* Work instructions
The listing below has to be output exactly as given, less its pictures.

[Opening Input data section]

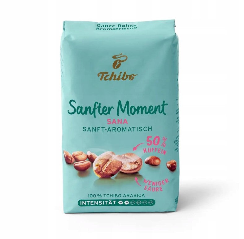 Tchibo Sana Sanfter Moment is a carefully crafted 500 g ground coffee blend featuring 100% Arabica beans. Designed for those who appreciate a mild flavor and low acidity, this coffee delivers a balanced aroma and smooth texture. With 50% reduced caffeine, it offers a gentle energy boost without overwhelming the body, making it suitable for any time of day. Enjoy a refined coffee experience that combines subtle taste with a lighter caffeine impact.
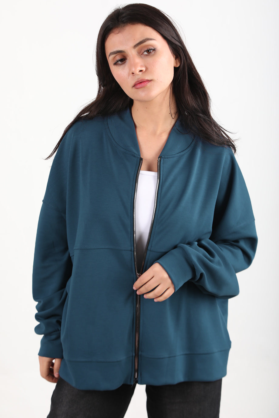 Ziphoodie Kadın Ön Fermuarlı Sweat İndigo
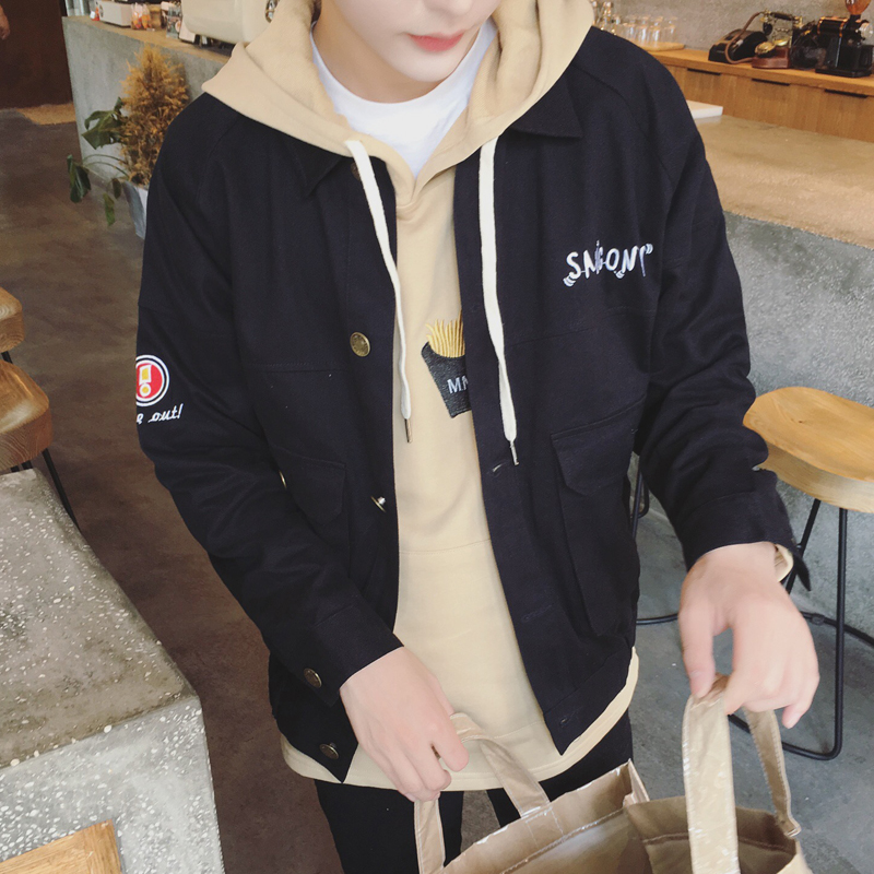 秋季新款韓版休閑刺繡翻領單排扣男士短褲夾克外套

[Closing Input data section]

* Exercise answer
 Tchibo Sana Sanfter Moment is a carefully crafted 500 g ground coffee blend featuring 100% Arabica beans. Designed for those who appreciate a mild flavor and low acidity, this coffee delivers a balanced aroma and smooth texture. With 50% reduced caffeine, it offers a gentle energy boost without overwhelming the body, making it suitable for any time of day. Enjoy a refined coffee experience that combines subtle taste with a lighter caffeine impact.
 Ziphoodie Kadın Ön Fermuarlı Sweat İndigo
 秋季新款韓版休閑刺繡翻領單排扣男士短褲夾克外套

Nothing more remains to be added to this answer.